Contact: Steffen Strohm, M.Sc., Christian Beth, M.Sc.

Given a large set of genomes covering a set of genes where genes can come from a specific family (according to their function). The question at issue is which genes significantly co-occur (i.e. appear together) in genomes. These questions relate to comparing genes among species with similar/different ecological or physiological properties. In the context of this question, the aim of this thesis is to develop algorithms and methods that efficiently support the identification of co-occurance patterns in gene/genome-datasets.

MA: Evaluating Protein Networks – Puzzling the Biological Secret Behind the Data

Contact: Christian Beth, M.Sc.

Example Protein Network

Protein interaction and function overview (figure taken from [1])

The development of novel metallic biomaterials as implants for medical application requires an attentive elucidation of impaired or improved physiological processes and responses. Therefore, we establish in vitro models to analyse cellular reactions on different biological levels. Fundamental information can be obtained from analysing the variations in the protein synthesis. Functional interactions, relationships, and correlations between the tremendous diverse proteins lead to multifaceted and complex networks. Structured data science will help to elucidate these networks and contribute to define sensitive cellular processes and regularities. The main task will be the classification of big data sets in order to read out principles and pattern. This work will be based on the creative embedding of biological data into mathematical models.

[1] Understanding Protein Networks Using Vester's Sensitivity Model, Moreno, LA et al. in IEEE/ACM Transactions on Computational Biology and Bioinformatics, vol. 17, no. 4, pp. 1440-1450, (2020)

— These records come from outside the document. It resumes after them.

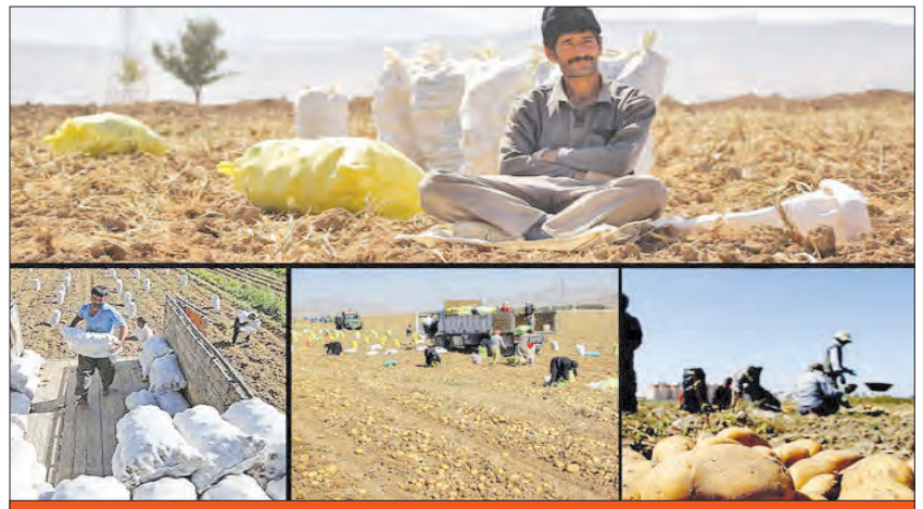
مشکل فعلی، بی‌خبری صادرکننده و شرکت بازرگانی است؛ چون از قبل با خریدار در خارج از کشور، مذاکره کرده و کالای بسته‌بندی و آماده صدور در گمرک قرار دارد غافل از اینکه نرخ عوارض تغییر کرده است.

رئیس کمیسیون صادرات اتاق بازرگانی گرگان هم نسبت به تصمیم دولت برای افزایش یک باره تعرفه صادرات انتقاد می‌کند و می‌گوید: در بخشنامه آمده که به ازای هر کیلو سیب‌زمینی،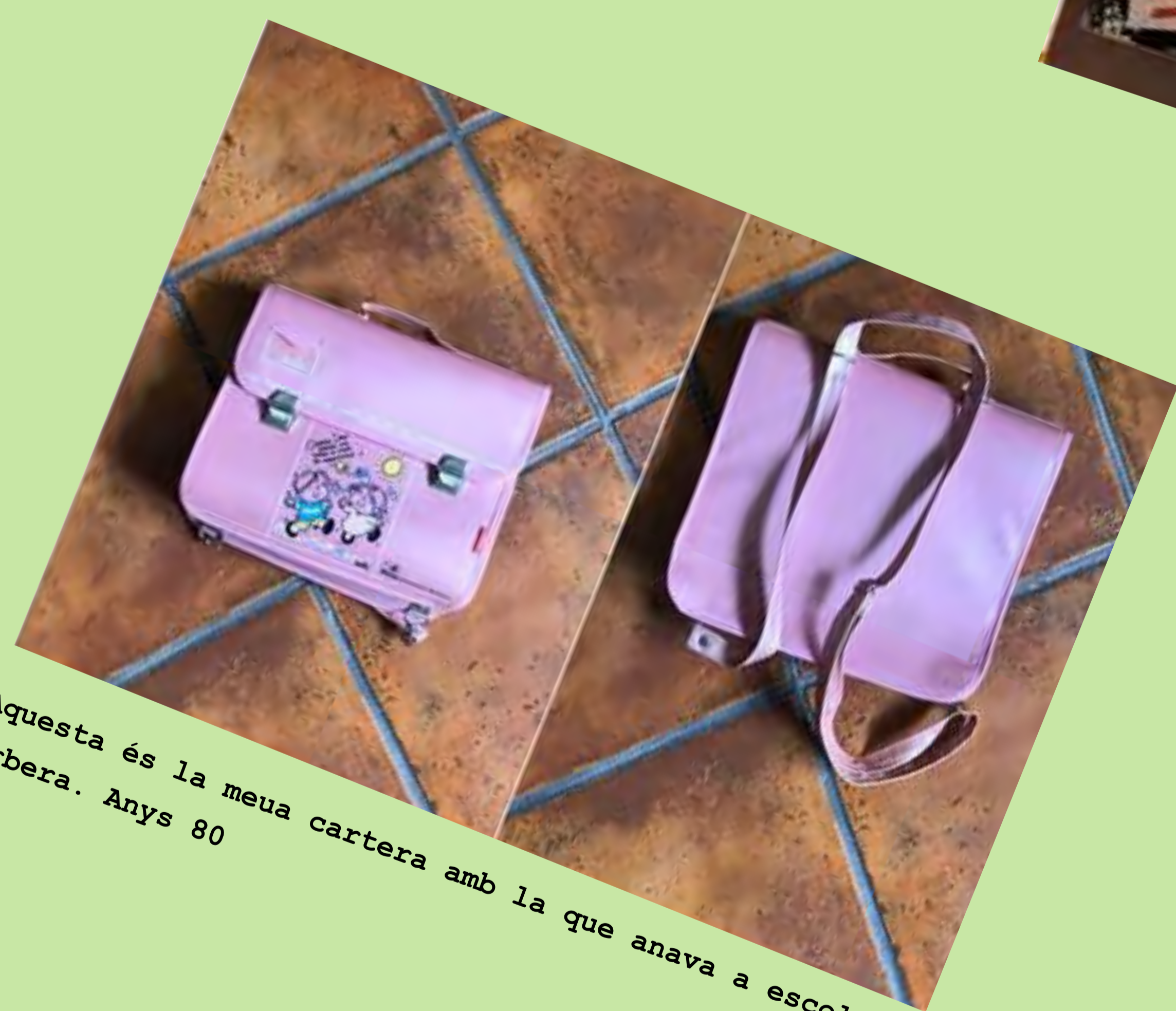
"Aquesta és la meua cartera amb la que anava a escola." Corbera. Anys 80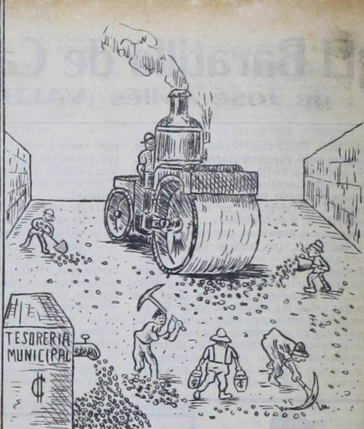
LOS GRANDES INVENTOS.—Nuevo sistema de asfaltar calles, patentado por la Municipalidad de San José.

NOTA.—Este prodigio del ingenio humano, está en exhibición frente a la casa presidencial, donde su inventor recibe todos los días, de 12 a 5 p. m., las felicitaciones del público.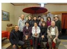
12月親睦昼食会 記念写真 つきの井にて

12月7日連絡会で連絡したように、これから新しい年度計画に入ります。皆様方の建設的・具体的なご意見と提案をお願いします。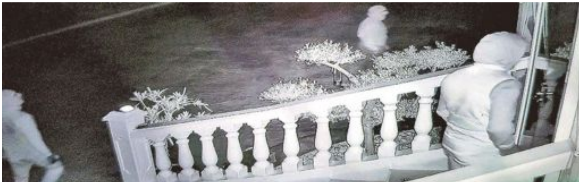
Unas cámaras de seguridad captan a tres encapuchados a punto de introducirse en una vivienda por la noche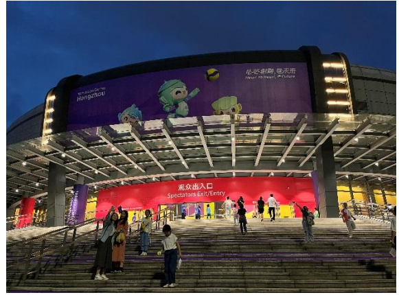
人生第一場亞運賽事 (女排 中華臺北 v.s 蒙古)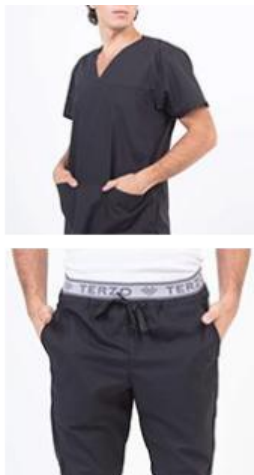
AMBO SHAPY NEGRO -MCPY900ART - CH shapy negro arciel/lycra (masculino). -UPPY900ART - PANT shapy negro arciel/lycra (único).

CHAQUETA SHAPY en tela ARCIEL que brinda comodidad y resistencia por su calidad y durabilidad, con escote en V y vistas internas, contiene dos bolsillos estilo ojal inferiores y un bolsillo ojal en el pecho, ambos con atraques de seguridad a tono.. Tiene un recorte en la espalda de LYCRA DE SEDA la cual permite mejor absorción, secado rápido de la transpiración y otorga mayor flexibilidad en los movimientos.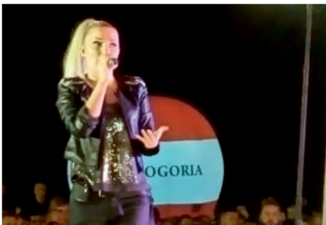
CLEO, wrzesień 2016 r. Święto Ekologii, Dożynki Gminy Bogoria.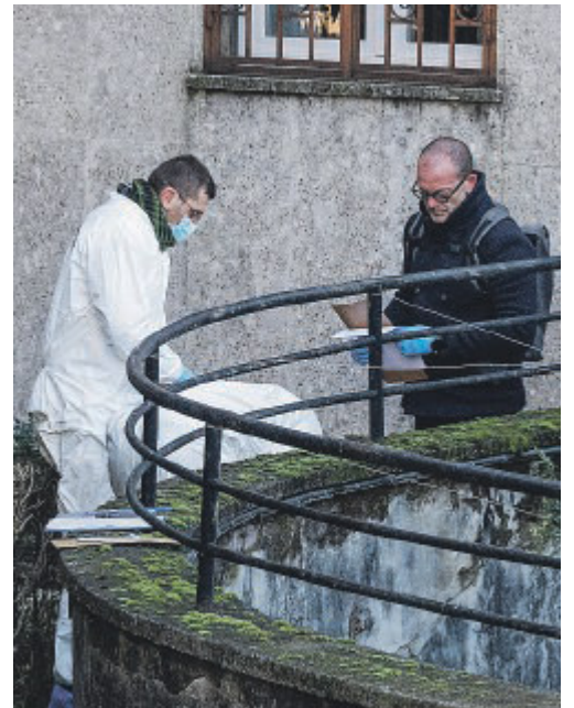
DONNA MORTA Rilievi a Milano

MA: Extending Expressiveness of Meta-Structures in Heterogeneous Information Network

Contact: Christian Beth, M.Sc.

Heterogeneous information networks (HINs) are graphs, where nodes have different types, and edges form different relations between the nodes, and thus allow semantically rich modelling of virtually any kind of data and information, ranging from protein-protein interaction networks to bibliogrpahical networks. The meta-path is a composite relationship between nodes in an HIN that is an integral part of state-of-the-art similarity/relevance measures in HINs, which are an integral part for downstream data mining tasks such as clustering, classification, or link prediction in HINs. To allow for more powerful, complex, and expressive relationships, the meta-structure was developed. It felxibly combines meta-path relations with the 'and'-linkage, which allows the user to specify more precisely what she is looking for. But why stop at the 'and'-linkage? Why not consider 'or', 'not', or other logical constraints? In this thesis you will design and study effective (meaningful) and efficient (fast, scalable) relevance measures based on more expressive meta-structures.